Réalisateur phare et « encyclopédie du 7e art »: mort à 79 ans, Bertrand Tavernier laisse la marque d’un cinéaste humaniste, érudit et engagé, admiré au-delà des frontières et apprécié d’un large public.

Auteur de films comme « Coup de Torchon » et « L.627 », il est décédé jeudi, a annoncé l’Institut Lumière de Lyon, l’une des mémoires du cinéma en France, qu’il présidait.

« Avec son épouse Sarah, ses enfants Nils et Tiffany et ses petits-enfants, l’Institut Lumière et (son directeur) Thierry Frémaux ont la tristesse et la douleur de vous faire part de la disparition, ce jour, de Bertrand Tavernier », a ajouté l’institution.

Personnalité du cinéma français, artiste engagé à l’œuvre éclectique et reconnue à l’étranger, celui qui arborait une chevelure ivoire et des lunettes, a réalisé des films d’époque et contemporains, avec une prédilection pour les sujets brûlants.

En plus d’un demi-siècle de carrière, ses films ont été largement récompensés : prix 1974 Louis-Delluc pour « L’horloger de Saint-Paul », nomination aux Oscars 1983 pour « Coup de torchon », prix de la mise en scène à Cannes en 1984 pour « Un dimanche à la campagne », BAFTA 1990 du meilleur film étranger pour « La vie et rien d’autre », Ours d’Or 1995 à Berlin pour « L’appât », Lion d’Or à Venise pour l’ensemble de sa carrière (2015).

Rochefort et Noiret

Sa disparition touche des générations de cinéphiles : il rejoint des grands noms du cinéma français disparus ces dernières années, comme les acteurs Jean Rochefort et Philippe Noiret, qu’il enrôlait en 1974 dans l' »Horloger de Saint-Paul » puis, en costumes d’époque dans « Que la fête commence ».

Mais Tavernier avait aussi su renouveler son public, recyclant Thierry Lhermitte en diplomate dans « Quai d’Orsay » (2012) ou plongeant dans la moiteur de la Louisiane pour un thriller 100% américain, avec Tommy Lee Jones, « Dans la Brume électrique » (2009). Le géant de la vidéo en ligne Netflix avait ajouté récemment une partie de ses films à son catalogue.
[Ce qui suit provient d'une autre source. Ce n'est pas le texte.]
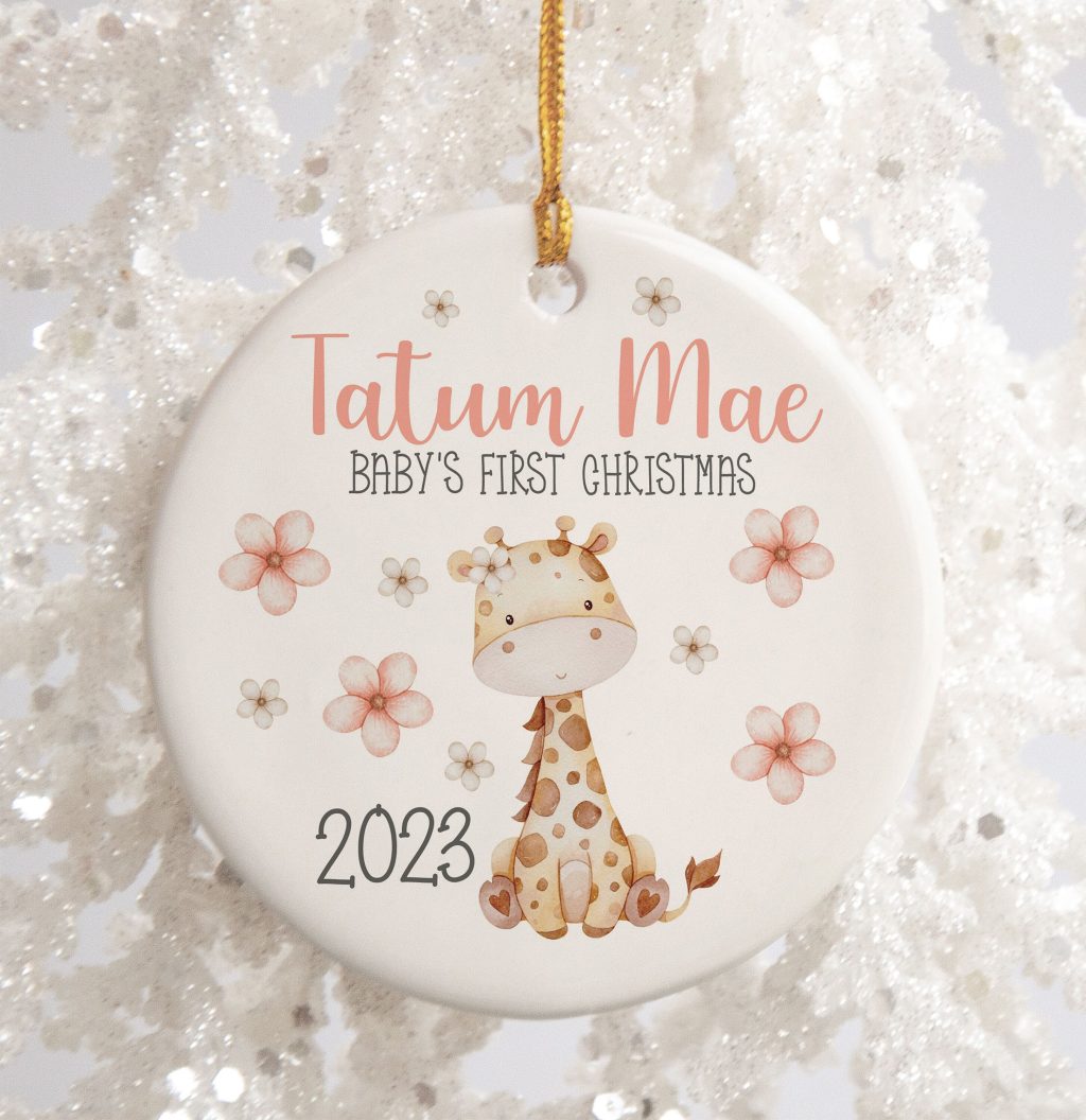 Flower Giraffe Custom Ceramic Ornament

Tavernier, également scénariste et producteur, fut aussi un grand cinéphile investi dans la préservation et la transmission des films, qui avait signé, en 2016, un « Voyage à travers le cinéma français » pour évoquer les plus grands réalisateurs. Mû par le souci de défendre le cinéma français indépendant, il était aussi passionné par le cinéma américain du XXe siècle.

« Force de conviction »

Un amour qu’il a continué de partager jusqu’au bout, notamment sur le blog qu’il tenait sur le site de la société des auteurs et compositeurs dramatiques (SACD, https://www.tavernier.blog.sacd.fr).
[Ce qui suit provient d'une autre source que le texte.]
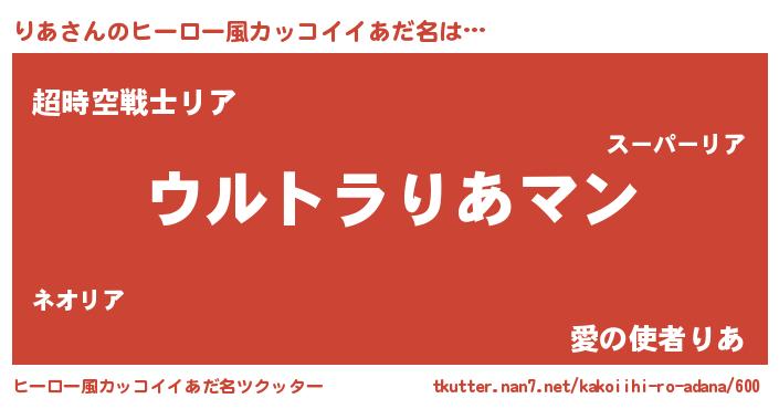 | 意味不明あだ名 | 『りあフォーエバー』『自称りあ』 |

Fin janvier, il y conseillait encore une série de DVD de films américains, échangeant avec passion avec des internautes sur la « cancel culture » et le « politiquement correct ».

« Bertrand Tavernier est parti. Le cinéma français le pleure. Le cinéaste, le cinéphile, la mémoire, tout concourait à l’exercice d’un art auquel il a dédié sa vie », a salué l’ancien président du festival de Cannes Gilles Jacob, sur les réseaux sociaux. « Il ne nous racontera plus ses histoires avec cette percutante force de conviction qui en faisait un auteur si précieux ».

« La disparition de Bertrand Tavernier est tellement triste, tellement dramatique ! », a lancé le patron du distributeur Le Pacte, Jean Labadie, qui l’a accompagné sur plusieurs de ses films.

« Bertrand Tavernier était, à l’égal d’un Martin Scorsese, une véritable encyclopédie du 7ème art qu’il a servi avec passion et talent », a ajouté le président du Conseil supérieur de l’audiovisuel Roch-Olivier Maistre.

Des personnalités de Lyon, une ville où il était né le 25 avril 1941, fils d’un écrivain et résistant, où se trouve l’Institut Lumière et qui lui tenait à coeur, lui ont également rendu hommage, comme l’ancien ministre de l’Intérieur Gérard Collomb.